The Commerce Commission has today released its final decision declining authorisation for NZME and Fairfax to merge their media operations in New Zealand.

The merger proposed to bring New Zealand’s two largest newspaper networks and corresponding online news sites under common ownership.

The Commission’s preliminary view, published in November last year, was that the merger would be likely to substantially lessen competition in advertising and reader markets – specifically Sunday newspapers, online news and community newspapers in 10 regions. It also indicated that the merger would not be of such a benefit to the public that it should be allowed. Those views remain largely unchanged.

Chairman Dr Mark Berry said the Commission recognises NZME and Fairfax face a challenging commercial environment as they seek to transition from their traditional print products to a sustainable online model. However, the Commission disagreed with some of the scenarios they put forward about their respective futures without the merger.

“Following our draft determination the applicants significantly altered their submission on what the state of the market would look like without the merger. The details of those submissions are confidential; however, we do not consider the scenarios presented to be likely outcomes. In our view, without the merger NZME and Fairfax will be increasingly focused on their online businesses as their print products diminish in number and comprehensiveness over time,” Dr Berry said.

“We accept there is a real chance the merger could extend the lifespan of some newspapers and lead to significant cost savings anywhere between $40 million to around $200 million over five years. However these benefits do not, in our view, outweigh the detriments we consider would occur if it was to proceed.”

The merged entity would have direct control of the largest network of journalists in the country, employing more editorial staff than the next three largest mainstream media organisations combined. Its news media business would include nearly 90% of the daily newspaper circulation in New Zealand and a majority of traffic to online sources of New Zealand news. Including its radio network, the merged entity would have a monthly reach of 3.7 million New Zealanders.

“This merger would concentrate media ownership and influence to an unprecedented extent for a well-established modern liberal democracy.  The news audience reach that the applicants have provide the merged entity with the scope to control a large share of the news consumed by a majority of New Zealanders. This level of influence over the news and political agenda by a single media organisation creates a risk of causing harm to New Zealand’s democracy and to the New Zealand public,” Dr Berry said.

“Having reviewed all the evidence, our primary concerns remain that this merger would be likely to reduce both the quality of news produced and the diversity of voices (plurality) available for New Zealanders to consume. Competition between NZME and Fairfax leads them to produce higher quality content than would otherwise exist with the merger. This competition incentivises investment in editorial resources, motivates journalists and editors in their day-to-day work and acts as a safeguard to plurality.
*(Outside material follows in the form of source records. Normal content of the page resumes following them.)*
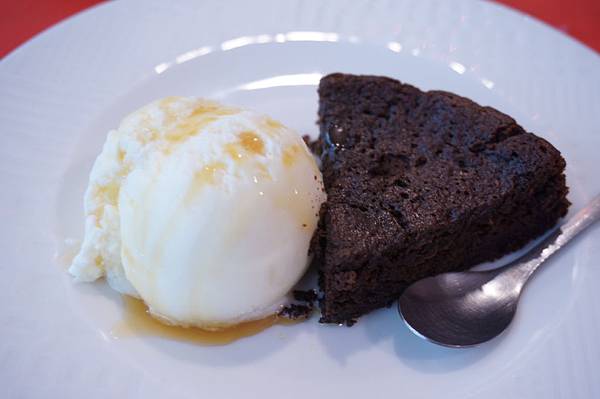 【巧克力布朗尼佐冰淇淋】吃起來溫熱的布朗尼搭上冰淇淋,口感還不錯。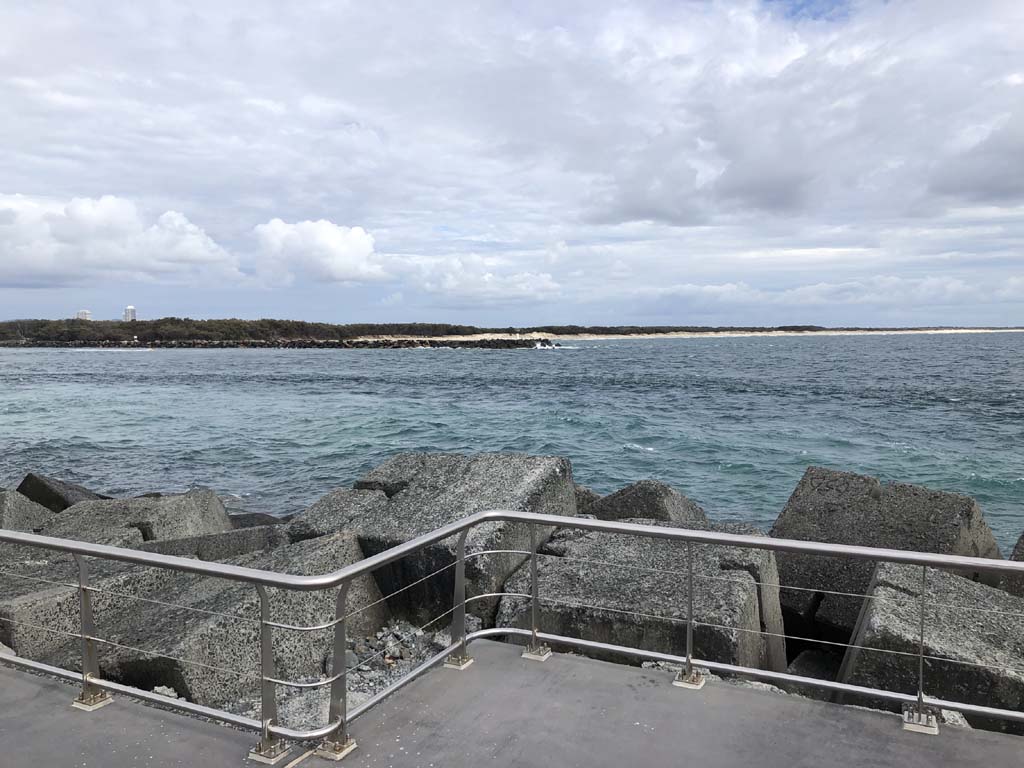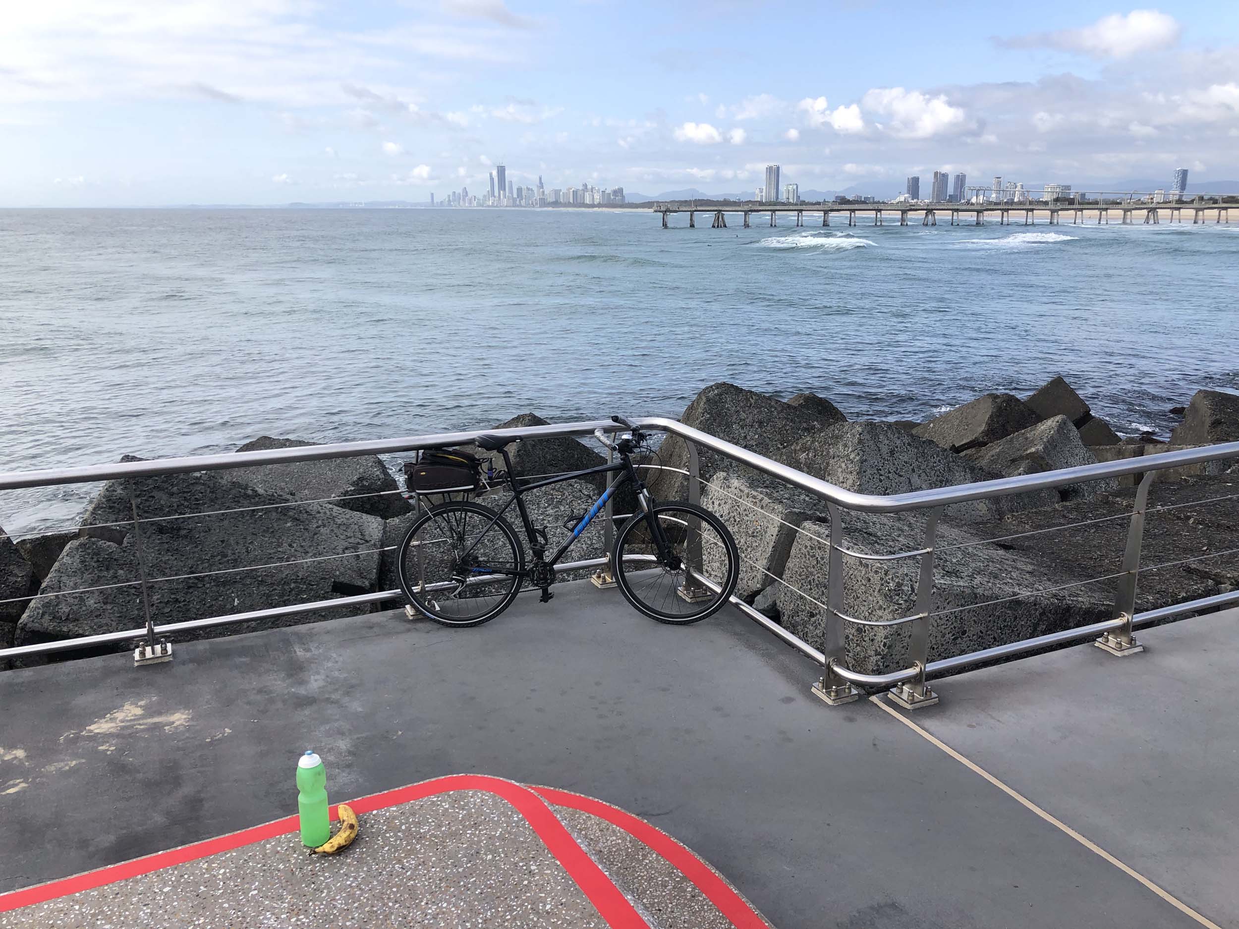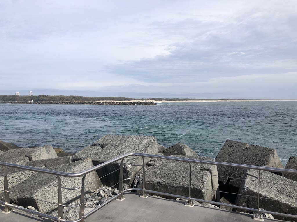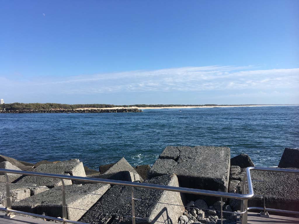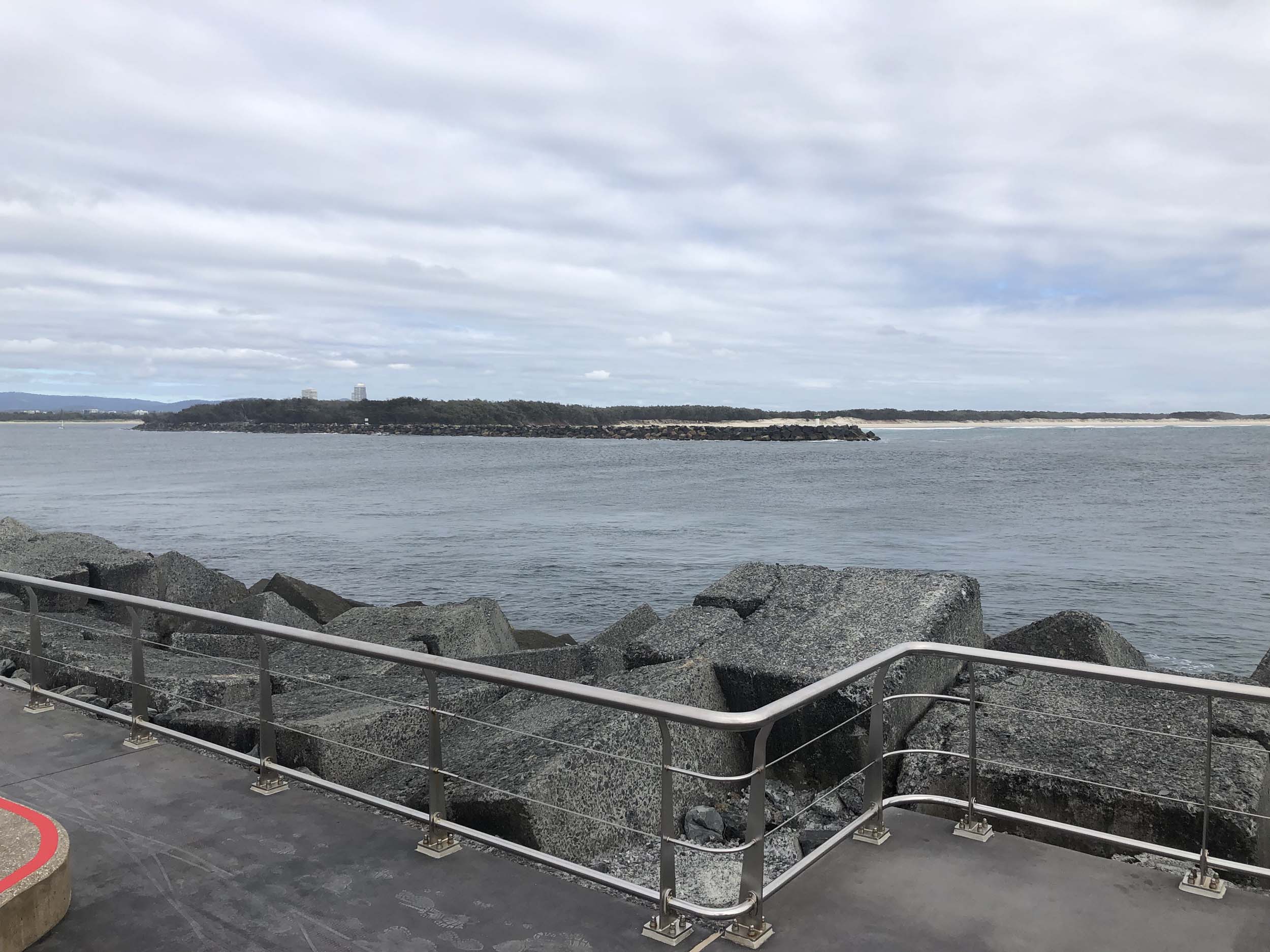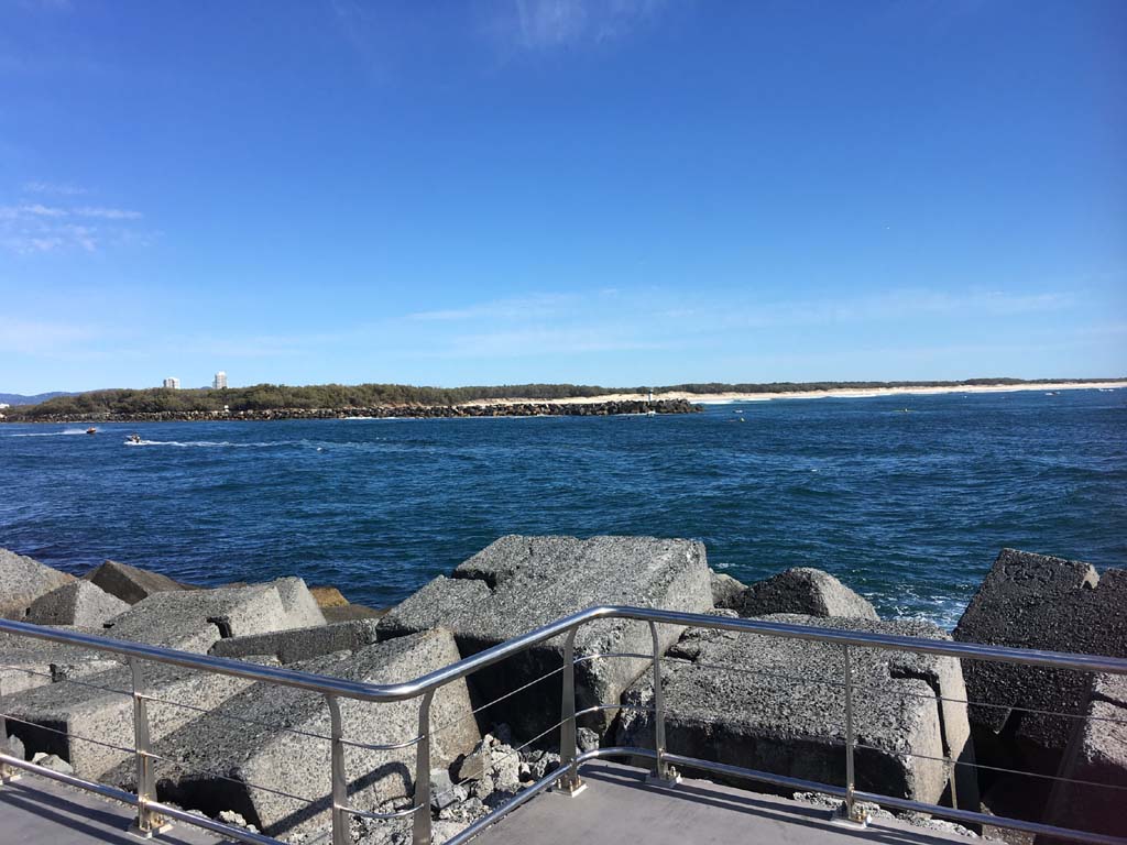 I continued to the Seaway via the Federation Walk. Rode to the tip of the Moondarewa Spit, then out to the tip of the Seawall/Spit. I noticed the Seaworld Resue boat motoring in the mouth of the Seaway but didn't appear to be doing anything. Noone was in the water etc. Then rode back to the tip of the Moondarewa Spit then back to the tip of the Seawall/Spit. Took a few photos at the end of both Spits, sat and ate my banana.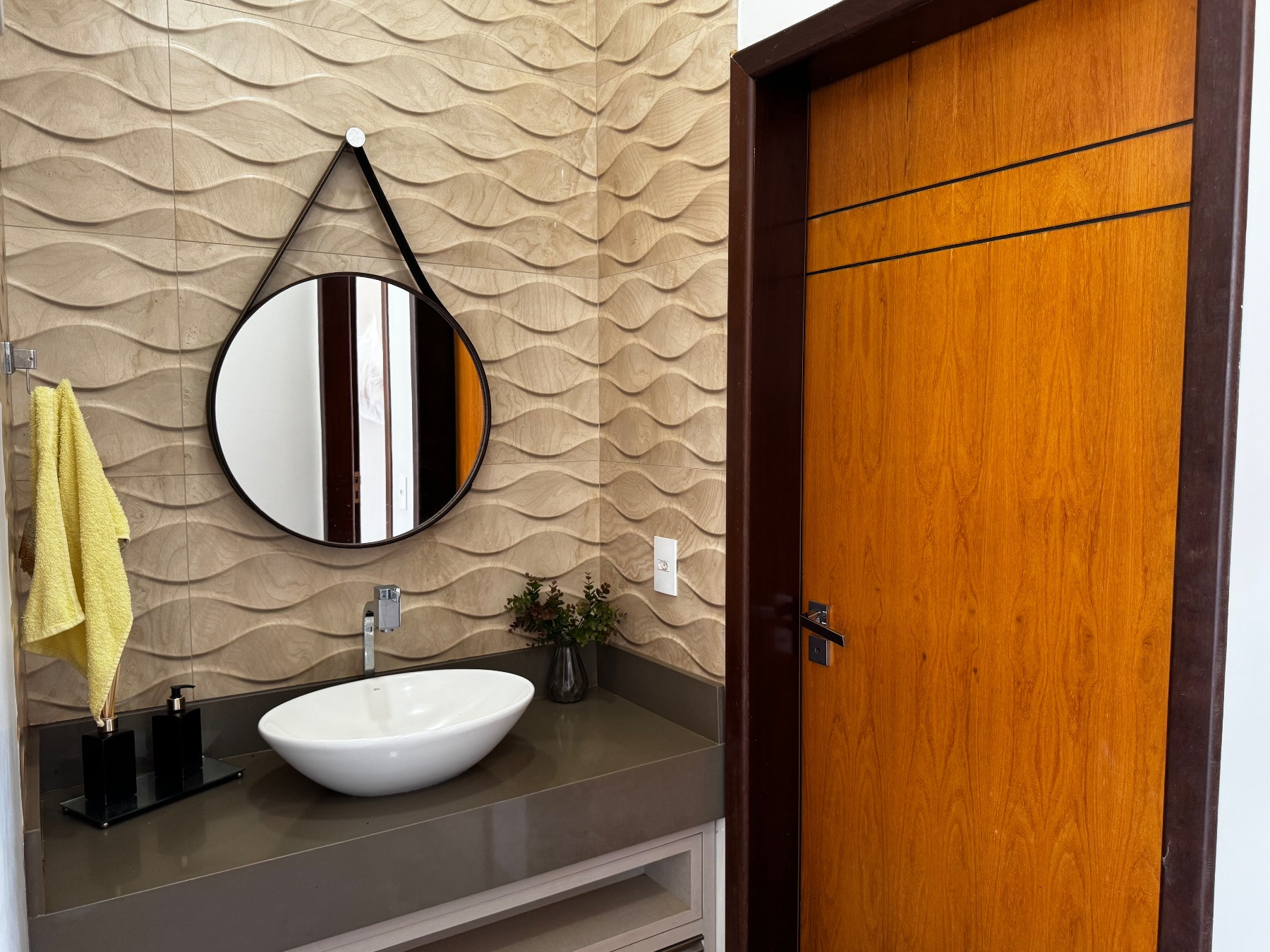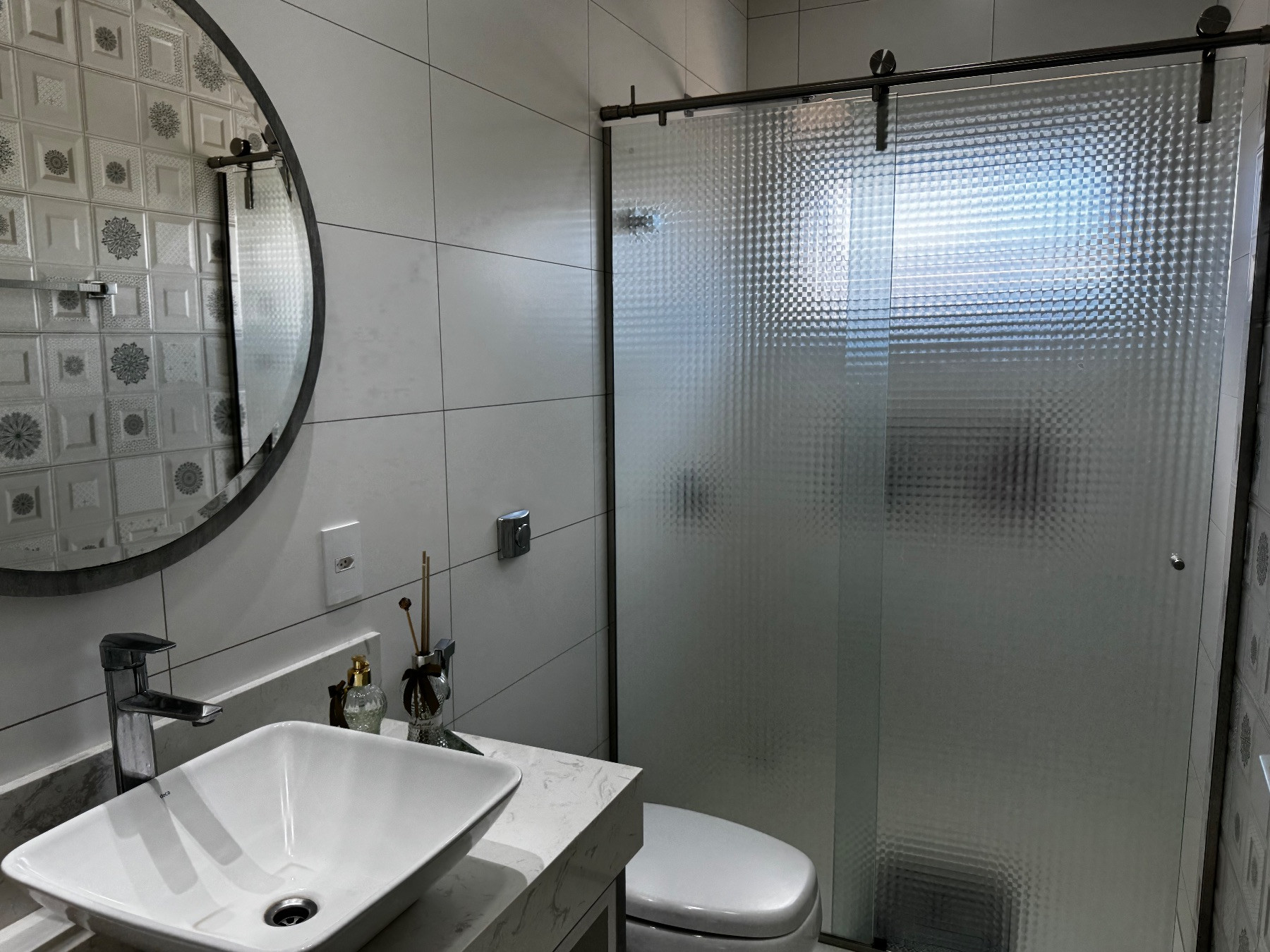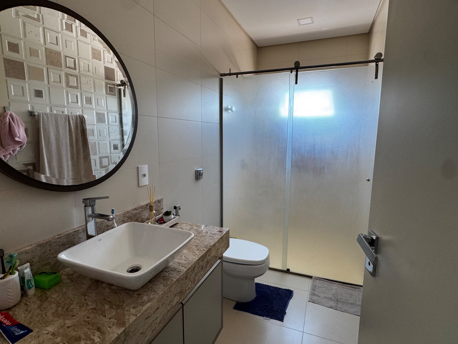 O imóvel dispõe de três banheiros sociais, todos com excelente padrão de acabamento, design moderno e ótima distribuição de espaço.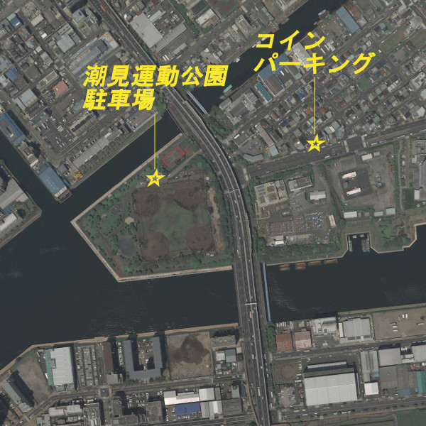 潮見運動公園の周囲の護岸から釣りができ、ハゼ・クロダイ・スズキなどが釣れる。潮見運動公園の駐車場は日中しか利用できないので、夜間に釣りをする際は少し離れるが近隣のコインパーキングを利用するといい。潮見運動公園駐車場の料金は3時間半まで30分100円、以降1時間100円。営業時間についてはこちらのサイトを参考にして欲しい。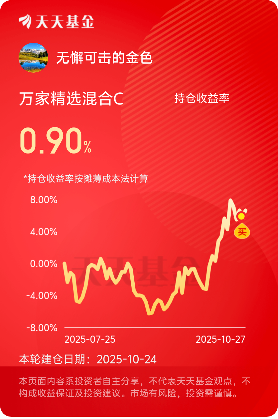 临近冬季,煤炭等板块的机会还是相当不错的,现在更应抓住机会。$万家精选混合C$ #晒收益#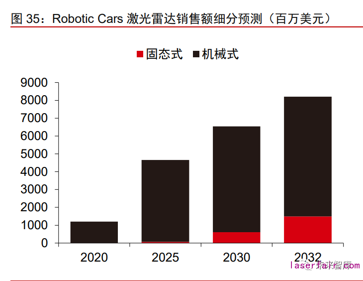 其中在 ADAS 領(lǐng)域,固態(tài)占主導(dǎo):Yole 預(yù)計(jì)固態(tài)激光雷達(dá)和 Flash 激光雷達(dá)出貨量 從 2021 年起逐漸增多,2025 年,固態(tài)/Flash 約為 50 萬(wàn)個(gè),機(jī)械式約 290 萬(wàn)個(gè),比例為 1:5.8;從 2029 年開(kāi)始,固態(tài)/Flash 出貨量超過(guò)機(jī)械式激光雷達(dá),到 2030 年,固態(tài)/Flash出貨量約為 1200 萬(wàn)個(gè),機(jī)械式約 730 萬(wàn)個(gè),比例為 1.64:1;從銷售額的角度,2025 年 固態(tài)/Flash 約為 2230 萬(wàn)美元,機(jī)械式達(dá)到 13.12 億美元;而到了 2030 年,固態(tài)/Flash 銷售額約為 45.83 億美元,機(jī)械式增加到 28.09 億美元。在 Robotic Cars 領(lǐng)域,機(jī)械式 占主導(dǎo),前期以機(jī)械式激光雷達(dá)為主,Yole 預(yù)計(jì)固態(tài)激光雷達(dá)和 Flash 激光雷達(dá)出貨量 在 2023 年起逐漸增多:2025 年,固態(tài)/Flash 約為 5 萬(wàn)個(gè),機(jī)械式約 120 萬(wàn)個(gè),比例為 1:24;到 2030 年,固態(tài)/Flash 出貨量約為 54 萬(wàn)個(gè),機(jī)械式約 400 萬(wàn)個(gè),比例為 1:7.4;從銷售額的角度,2025 年固態(tài)/Flash 約為 7300 萬(wàn)美元,機(jī)械式約 45.82 億美元;到 2030 年,固態(tài)/Flash 銷售額約為 6.46 億美元,機(jī)械式約 58.94 億美元。總的來(lái)看,根據(jù) Yole 預(yù)測(cè),固態(tài)激光雷達(dá)的銷售額占比將會(huì)從 2025 年的 4.78%增加到 2030 年的 37.25%,銷 量占比將會(huì)從 2025 年的 11.83%增加到 2030 年的 52.6%。

“In our view, the merged entity’s competitors would not be able to constrain it in any real way from making cost-cutting decisions that reduce quality and plurality. The extent of internal plurality is also discretionary on the part of the media owner and we do not regard promises to maintain current levels as a sufficient safeguard on future editorial decisions.

“While we cannot weigh in dollar terms the net benefits against the detrimental societal impacts we expect to see, in our assessment this is not a finely balanced decision. We decline to grant authorisation.”

A copy of the Commission’s final decision will be available on its website shortly.

Background

On 27 May 2016 Fairfax and NZME sought authorisation to merge their respective New Zealand operations. Authorisation applications follow a two-step process under the Commerce Act. The Commission must first assess whether the merger would be likely to substantially lessen competition in a market.

We assess whether a merger is likely to substantially lessen competition in a market by comparing the likely state of competition if the merger proceeds, with the likely state of competition if it does not. If we are satisfied that the merger is not likely to substantially lessen competition, then we would clear the merger at the first step.

If we cannot give clearance due to competition concerns, the second step is to determine whether the merger should be authorised applying the public benefit test. The public benefit test involves a balancing of the public benefits and detriments that would, or would be likely to, result from the merger. We must authorise a merger if we are satisfied that the merger will result in such a benefit to the public that it should be permitted.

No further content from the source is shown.